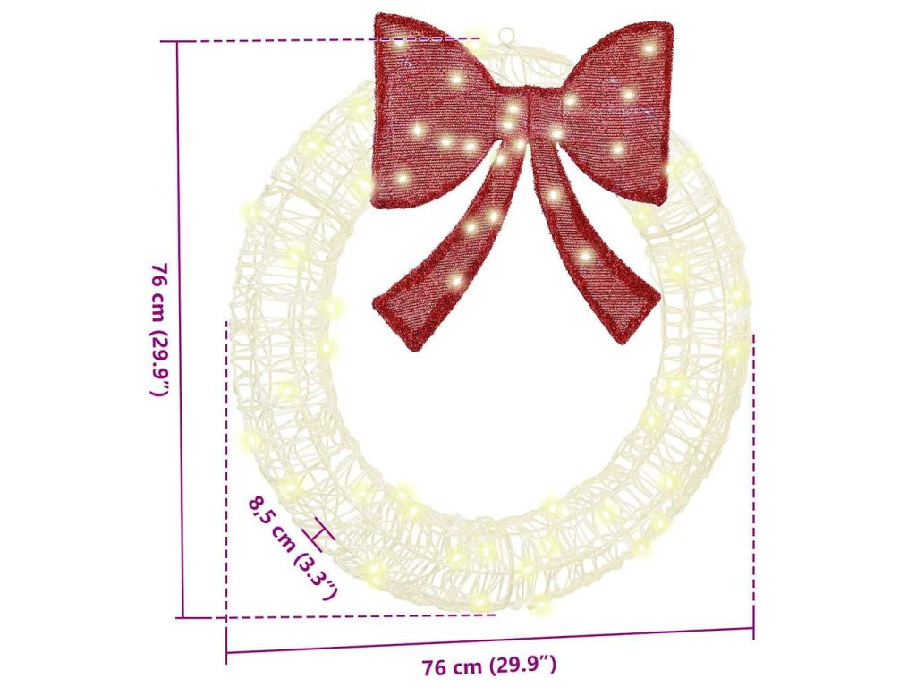 Tento úžasný věnec, vyrobený z kvalitního akrylu, přináší ducha moderního designu. Spojuje jednoduchost a sváteční kouzlo, takže je jedinečným středobodem vaší vánoční výzdoby, s vkusnou mašlí nahoře. Jeho elegantní vzhled a všestranné možnosti umístění ho dělají ideální volbou pro tradiční i moderní domovy.
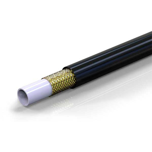Tubazione con anima interna in poliammide, rinforzo in treccia acciaio ad alta resistenza e rivestimento esterno in poliuretano antiabrasione e resistente al contatto prolungato con olii e lubrificanti.
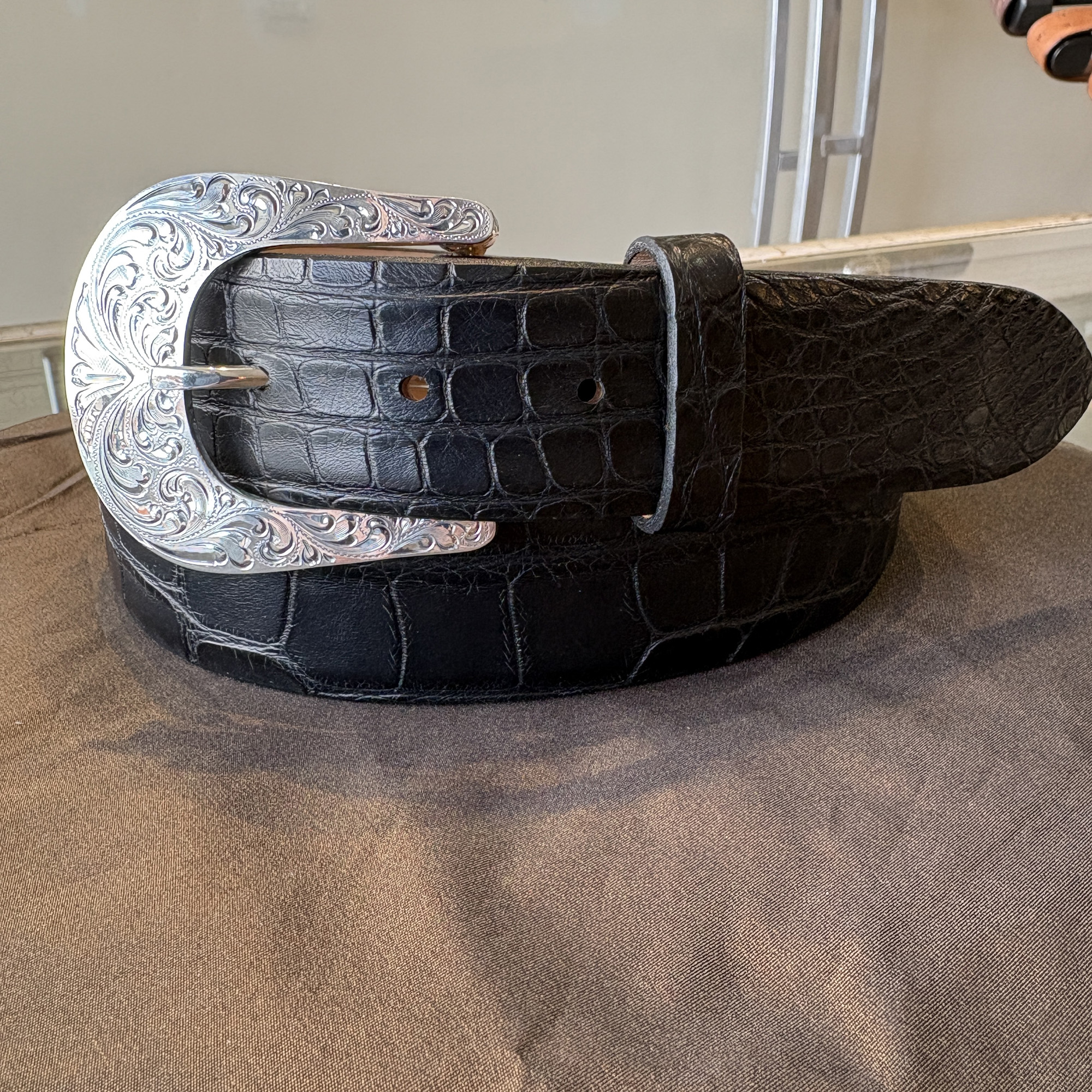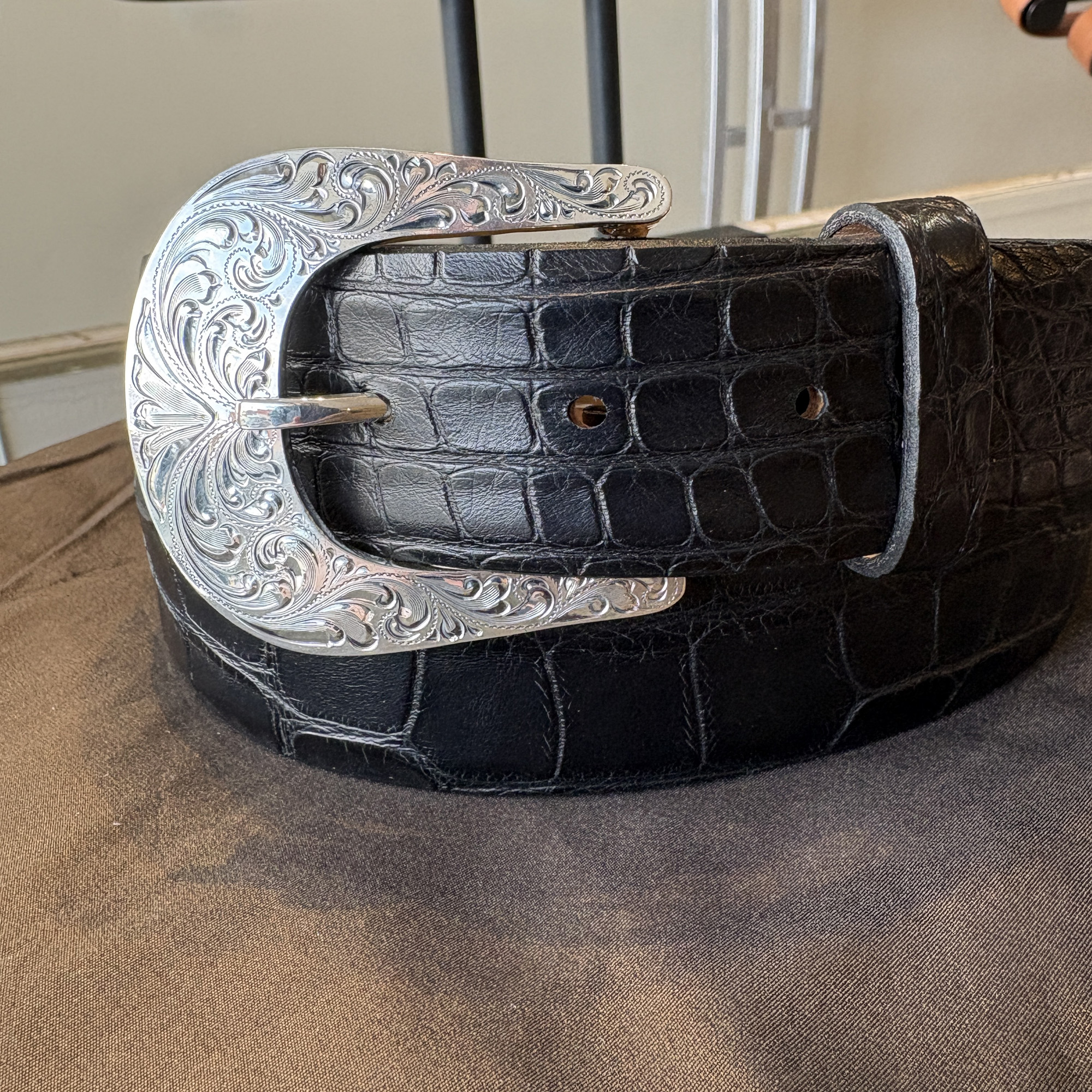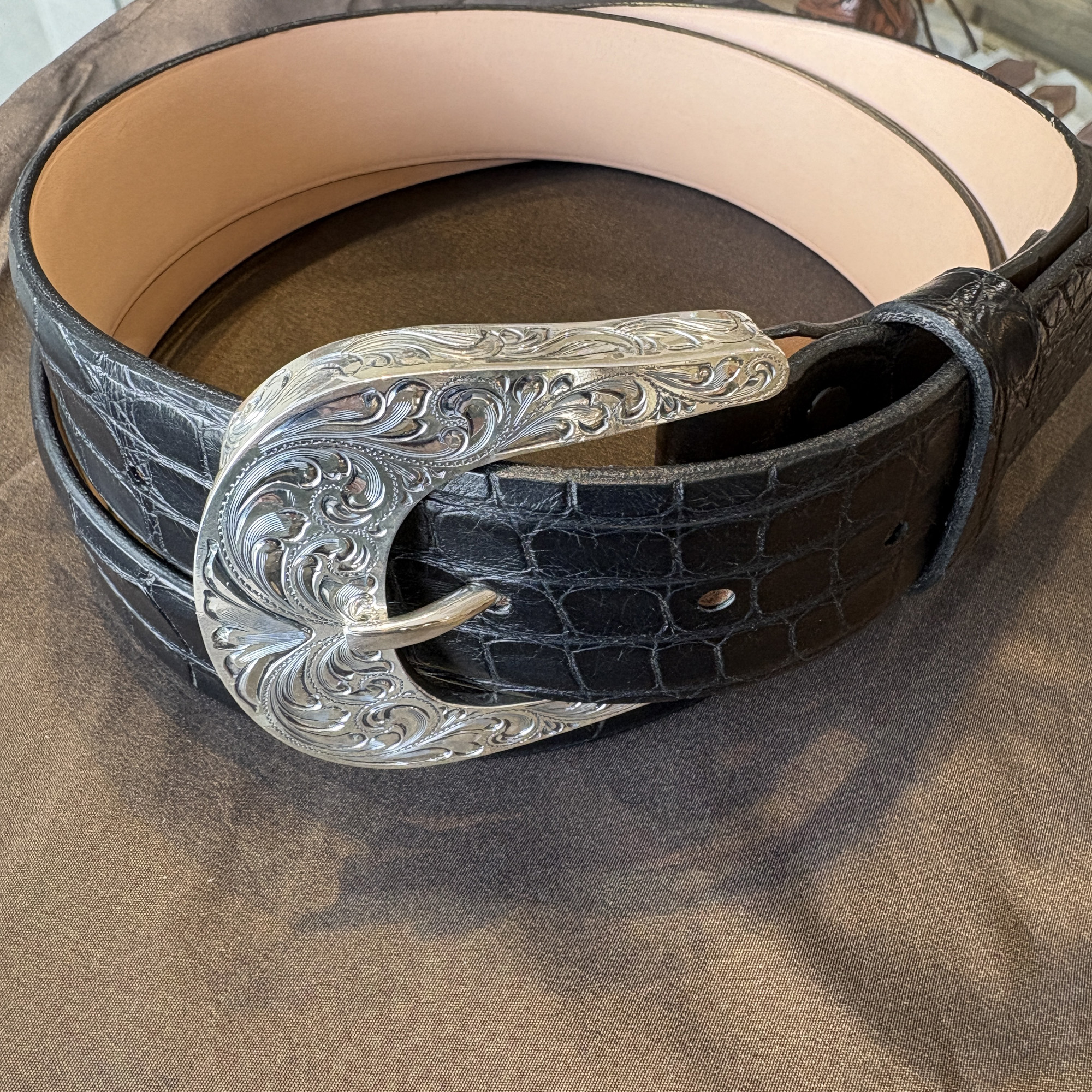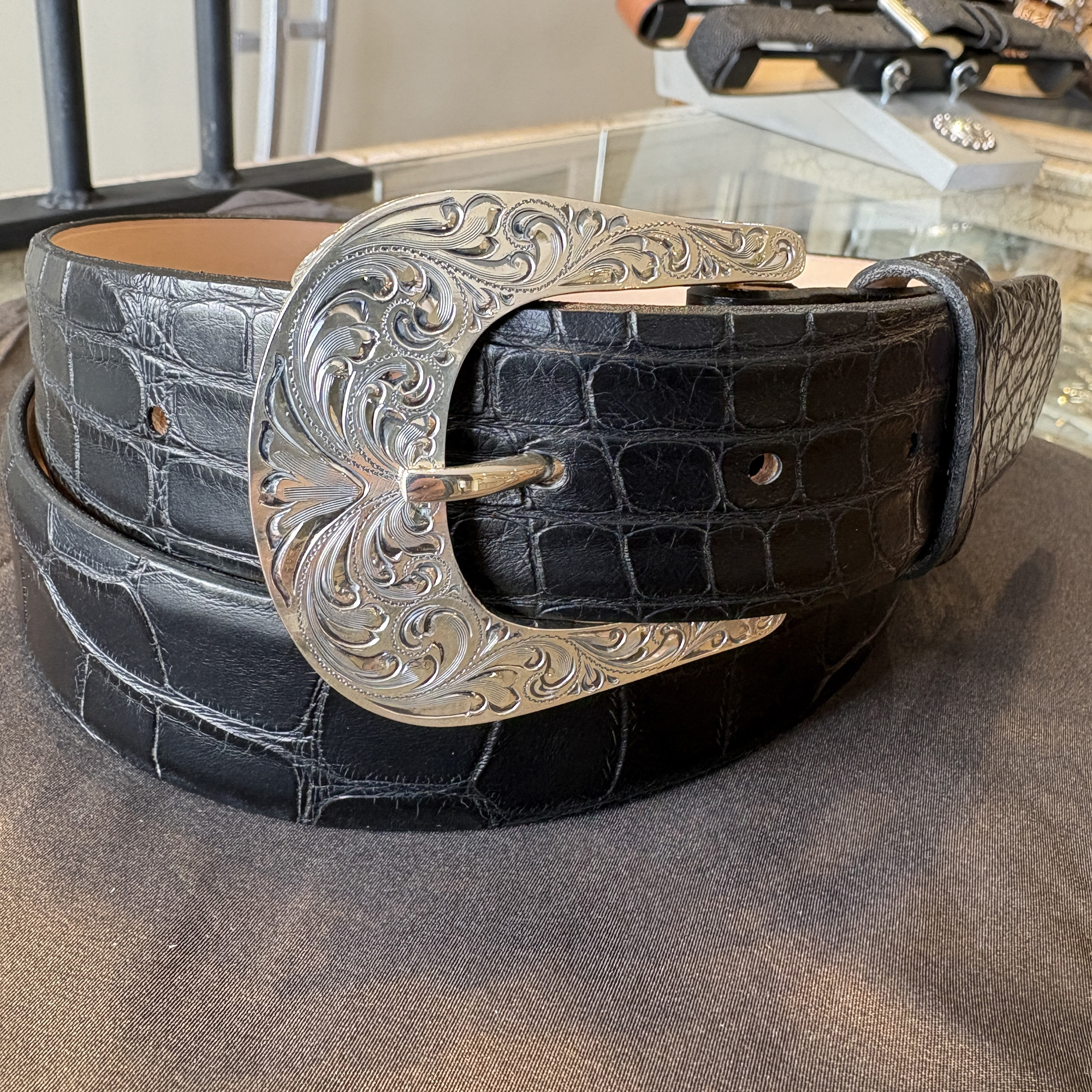 A new look to an old style. The Plumas is crafted in solid sterling silver and features engraved side plates that create a channel for your 1½” belt. An antique finish adds depth, while the domed profile provides a bold presence.
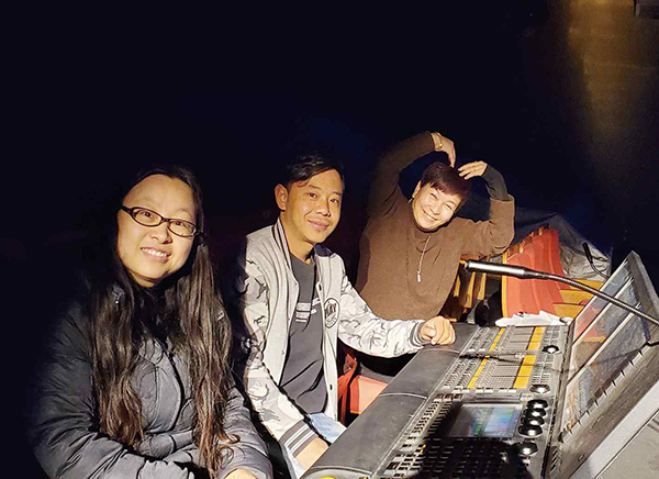 朱丹(左一)和徒弟旦增(中)、藏剧团灯光设计达娃卓玛(右一)在创作中
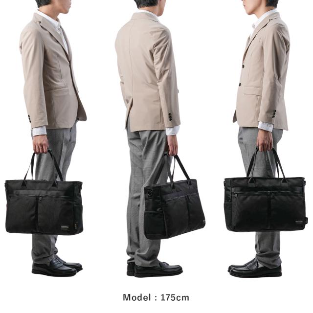 | 肩掛可能な使い勝手よいサイズ感の横長シルエットトートバッグ。手提げ、肩掛けの2WAY仕様でオンオフどちらにも扱いやすいデザイン。天面はファスナーで開閉するため、雨天時での使用でも中に水が入りにくくなっている。内装はシンプルなオープンポケット2室。前胴には財布やスマホを収納できるサイズのファスナーポケット2室、後胴には靴が入る大きなサブポケットが一室配置。天面はファスナーで開閉。雨天時でも中に水が入りにくい仕様。内装は大容量でシンプルに。小物を小分けできるオープンポケット2室。前胴には財布やスマホを収納できるサイズのファスナーポケット2室。後胴にはサブポケットを一室配置。サブポケットは内側に膨らみ、シューズなど嵩張るものを入れても見た目に影響しません。サイドには水や空気が通るメッシュポケットを配置。ペットボトルや傘などを気にせず入れられます。ファスナー素材には滑りの良いビスロンファスナーを採用。 |
◆ ◆ ◆ ◆ ◆
Everything in the records above should be retyped exactly except the pictures.

§ **Finished task**
 Tento úžasný věnec, vyrobený z kvalitního akrylu, přináší ducha moderního designu. Spojuje jednoduchost a sváteční kouzlo, takže je jedinečným středobodem vaší vánoční výzdoby, s vkusnou mašlí nahoře. Jeho elegantní vzhled a všestranné možnosti umístění ho dělají ideální volbou pro tradiční i moderní domovy.
Tubazione con anima interna in poliammide, rinforzo in treccia acciaio ad alta resistenza e rivestimento esterno in poliuretano antiabrasione e resistente al contatto prolungato con olii e lubrificanti.
 A new look to an old style. The Plumas is crafted in solid sterling silver and features engraved side plates that create a channel for your 1½” belt. An antique finish adds depth, while the domed profile provides a bold presence.
 朱丹(左一)和徒弟旦增(中)、藏剧团灯光设计达娃卓玛(右一)在创作中
 | 肩掛可能な使い勝手よいサイズ感の横長シルエットトートバッグ。手提げ、肩掛けの2WAY仕様でオンオフどちらにも扱いやすいデザイン。天面はファスナーで開閉するため、雨天時での使用でも中に水が入りにくくなっている。内装はシンプルなオープンポケット2室。前胴には財布やスマホを収納できるサイズのファスナーポケット2室、後胴には靴が入る大きなサブポケットが一室配置。天面はファスナーで開閉。雨天時でも中に水が入りにくい仕様。内装は大容量でシンプルに。小物を小分けできるオープンポケット2室。前胴には財布やスマホを収納できるサイズのファスナーポケット2室。後胴にはサブポケットを一室配置。サブポケットは内側に膨らみ、シューズなど嵩張るものを入れても見た目に影響しません。サイドには水や空気が通るメッシュポケットを配置。ペットボトルや傘などを気にせず入れられます。ファスナー素材には滑りの良いビスロンファスナーを採用。 |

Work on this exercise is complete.